De ahí, la gran lección del foro del 4o Informe del gobierno peñanietista. En México urge dar forma un organismo que equivalga a la comisión independiente para debates presidenciales en Estados Unidos, que está integrada por un consejo de notables de prestigio e independencia inapelables: académicos, empresarios, periodistas y políticos retirados, todos eminentes y respetados. Los veteranos políticos Mike McCurry y Frank Fahrenkopf, uno demócrata y el otro republicano, presiden la comisión, que fue establecida hace cas tres décadas y ha organizado los debates presidenciales en Estados Unidos en cada elección desde la de 1988. No recibe fondos públicos de ningún tipo. Su única misión es producir debates justos, informativos e imparciales, vistos por la mayor cantidad de gente para beneficio de la democracia estadounidense. Todo el proceso es minucioso hasta la obsesión. La selección de los moderadores de los tres debates presidenciales y el encuentro entre los aspirantes a la vicepresidencia obliga a la comisión a encontrar periodistas que tengan no solo conocimiento y carácter sino un historial de absoluta imparcialidad para con los contendientes. Hallarlos en 2016, por ejemplo, fue una pesadilla: ningún periodista ni remotamente parcial en contra o a favor de Donald Trump pudo ser considerado (y con toda razón: ¿por qué habría Trump de aceptar la participación de alguien que lo ha descalificado con anterioridad?). Después de meses de búsqueda, la comisión reveló el viernes los nombres de los moderadores para los debates de septiembre y octubre, todos ellos periodistas de altura y trayectoria intachable. De todos se esperará el oficio punzante e implacable propio de periodistas, no meros croupiers de la palabra. El resultado del trabajo de la comisión es enormemente valioso para la democracia de Estados Unidos: los debates son respetados y seguidos por millones; nadie jamás cuestionaría su probidad.

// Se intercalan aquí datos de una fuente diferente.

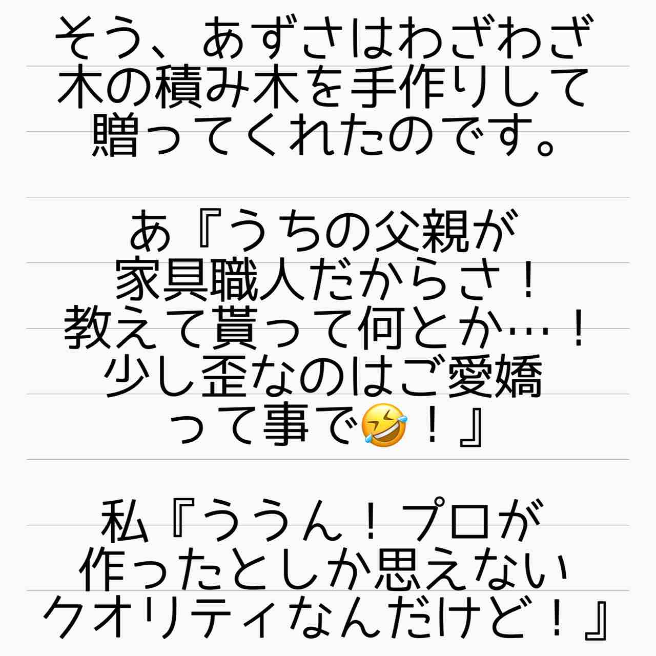 この積み木は新たなトラブルのフラグでしょうか、加恵さんが訪ねて来るときは隠しておかないとしつこく強請られそうですよ💦

Es imposible exagerar a qué grado necesitamos algo así en México rumbo al 2018. La formación de una comisión independiente para la organización de debates presidenciales debe ser una prioridad absoluta no para los partidos o el gobierno sino para la sociedad civil mexicana. Maneras sobran. Un comité de empresarios mexicanos podría convocar a las universidades del país para reclutar a un grupo de mexicanos eminentes que encabezarían, a la usanza estadounidense, nuestra comisión. Políticos de larga trayectoria sobran en los partidos. Los candidatos de 1994 (Cuauhtémoc Cárdenas, Diego Fernández de Cevallos y Ernesto Zedillo), podrían, por ejemplo, jugar el papel de McCurry y Fahrenkopf. El consejo debería incluir a empresarios, periodistas y académicos de distintos orígenes, garantizando equilibrio e independencia. La sede de los debates, los moderadores y los formatos serían prerrogativa exclusiva de la comisión. Dichas decisiones serían inapelables. Como ocurre en Estados Unidos, los candidatos no estarían legalmente sujetos a presentarse a los debates, pero su participación se convertiría rápidamente en una necesidad estratégica ineludible, además de una obligación moral.

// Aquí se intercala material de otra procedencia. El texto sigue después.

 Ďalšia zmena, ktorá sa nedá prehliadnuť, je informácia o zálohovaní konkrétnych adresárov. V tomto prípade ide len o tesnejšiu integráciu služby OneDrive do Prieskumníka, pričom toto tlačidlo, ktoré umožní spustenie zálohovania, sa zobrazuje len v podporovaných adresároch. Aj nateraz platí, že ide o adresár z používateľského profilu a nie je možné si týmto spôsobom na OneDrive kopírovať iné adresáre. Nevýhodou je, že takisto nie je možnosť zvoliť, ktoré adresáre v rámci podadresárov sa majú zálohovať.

Los debates presidenciales son parte fundamental de la democracia moderna. México no puede darse el lujo de atravesar otro ciclo presidencial en pañales, con moderadores que solo reparten la palabra, reglas que entorpecen el intercambio y la confrontación de ideas, formatos paupérrimos y aburridos; encuentros solo recordados por el desfile de edecanes curvilíneas. Lo nuestro debe ser la madurez democrática. Es ahora o nunca. ¡#DebatesPresidencialesYa!